■ Raw data ■

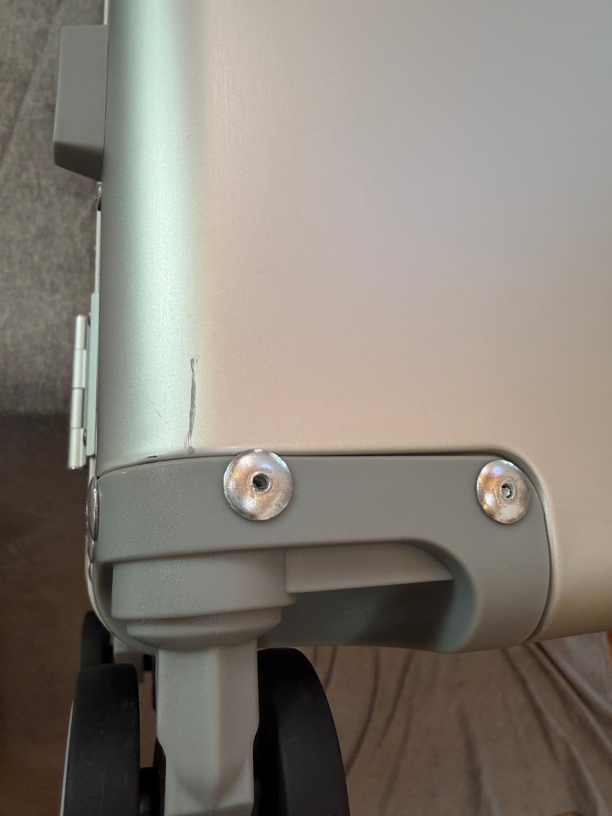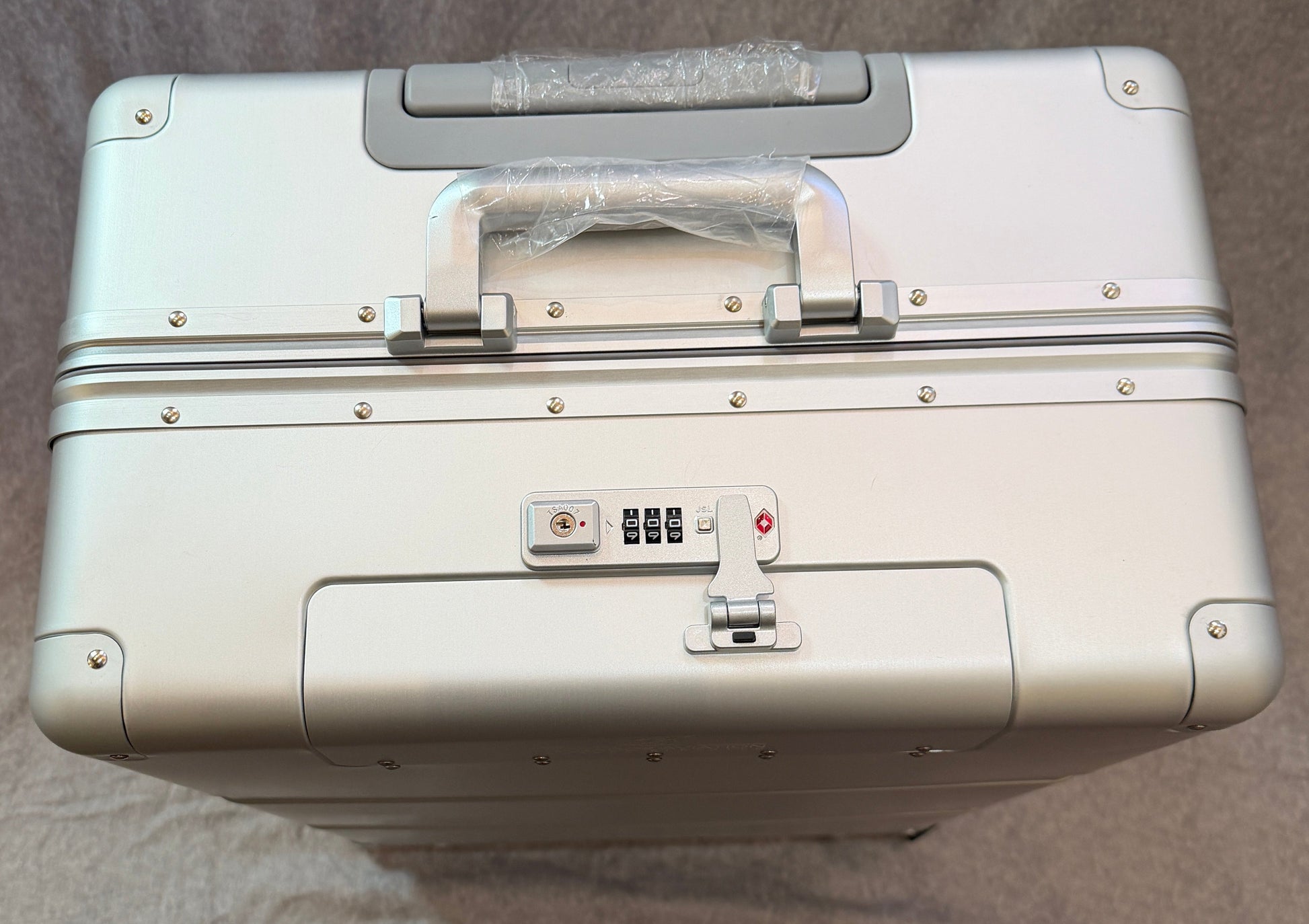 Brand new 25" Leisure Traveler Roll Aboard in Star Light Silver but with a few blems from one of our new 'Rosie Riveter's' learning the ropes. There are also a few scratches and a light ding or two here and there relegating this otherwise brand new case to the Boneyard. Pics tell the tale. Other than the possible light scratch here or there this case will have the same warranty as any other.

==

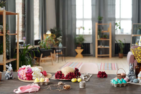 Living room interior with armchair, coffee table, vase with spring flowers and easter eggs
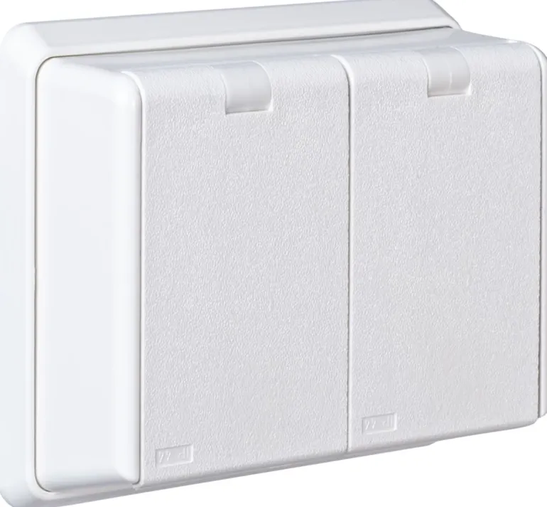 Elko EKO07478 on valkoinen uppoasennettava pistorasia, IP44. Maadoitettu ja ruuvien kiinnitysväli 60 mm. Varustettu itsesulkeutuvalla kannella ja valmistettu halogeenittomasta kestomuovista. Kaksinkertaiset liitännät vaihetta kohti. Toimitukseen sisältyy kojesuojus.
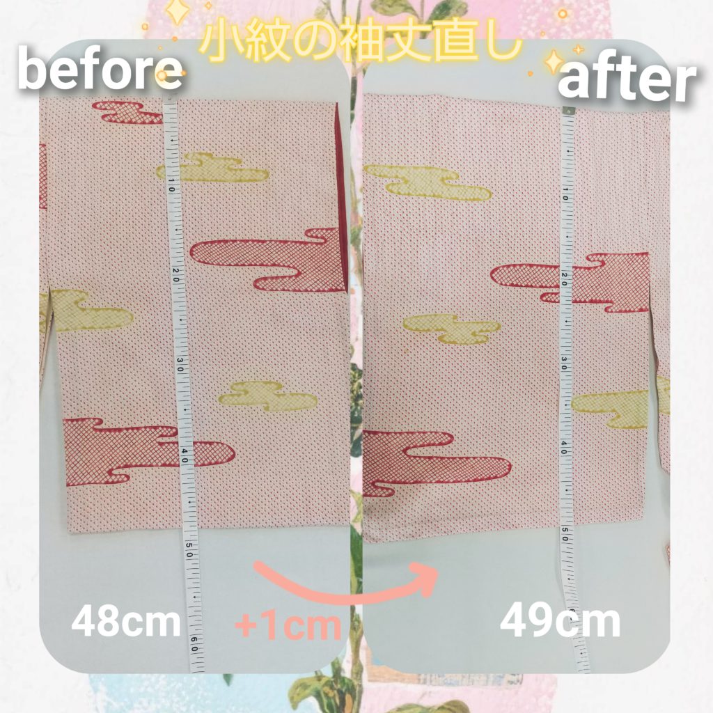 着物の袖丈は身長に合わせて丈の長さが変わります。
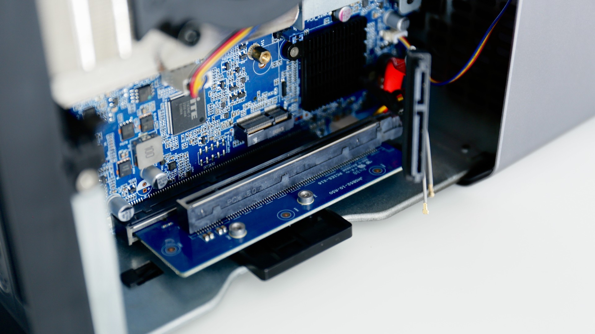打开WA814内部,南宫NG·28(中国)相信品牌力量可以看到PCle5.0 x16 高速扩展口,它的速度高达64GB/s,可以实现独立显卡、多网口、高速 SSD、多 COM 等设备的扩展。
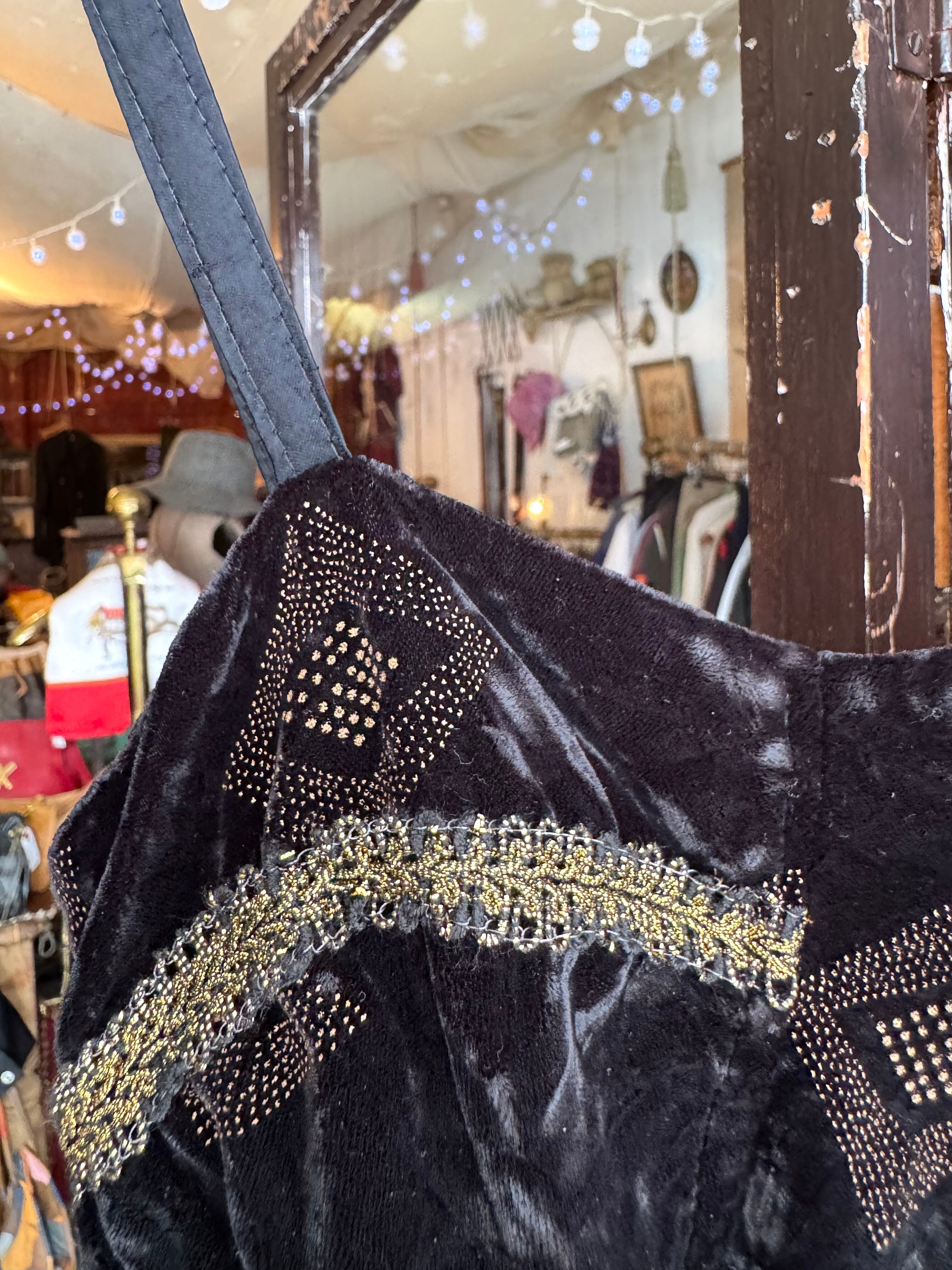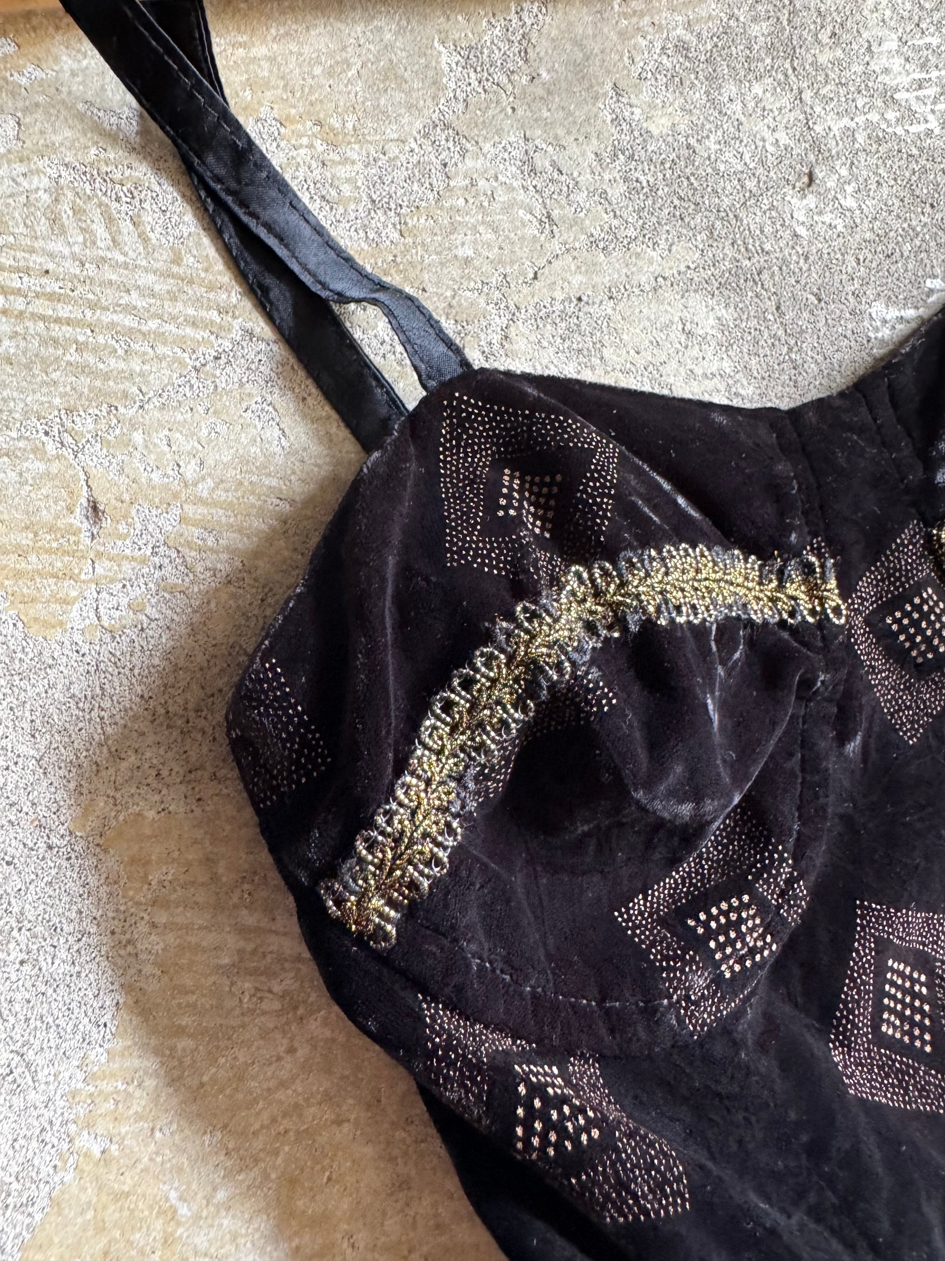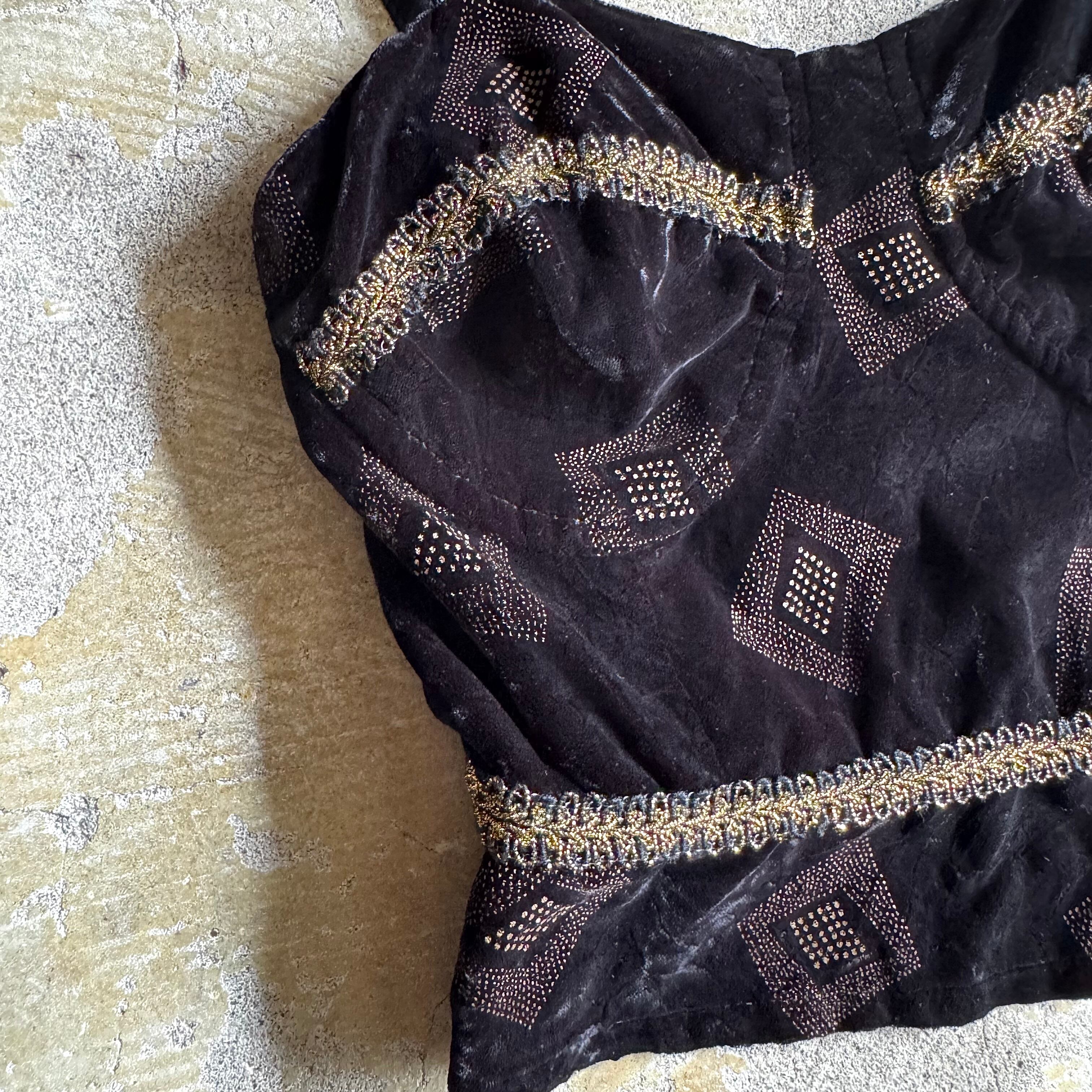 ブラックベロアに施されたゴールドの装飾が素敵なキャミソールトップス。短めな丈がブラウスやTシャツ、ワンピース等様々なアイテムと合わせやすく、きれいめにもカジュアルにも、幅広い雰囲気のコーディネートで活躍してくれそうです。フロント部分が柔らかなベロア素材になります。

■ Exercise description ■
Copy the lines above between the one holding "SSD、多 COM 等设备的扩展。" and the one holding "ブラックベロアに施されたゴー", inclusive. Drop the pictures.

■ Exercise response ■
打开WA814内部,南宫NG·28(中国)相信品牌力量可以看到PCle5.0 x16 高速扩展口,它的速度高达64GB/s,可以实现独立显卡、多网口、高速 SSD、多 COM 等设备的扩展。
 ブラックベロアに施されたゴールドの装飾が素敵なキャミソールトップス。短めな丈がブラウスやTシャツ、ワンピース等様々なアイテムと合わせやすく、きれいめにもカジュアルにも、幅広い雰囲気のコーディネートで活躍してくれそうです。フロント部分が柔らかなベロア素材になります。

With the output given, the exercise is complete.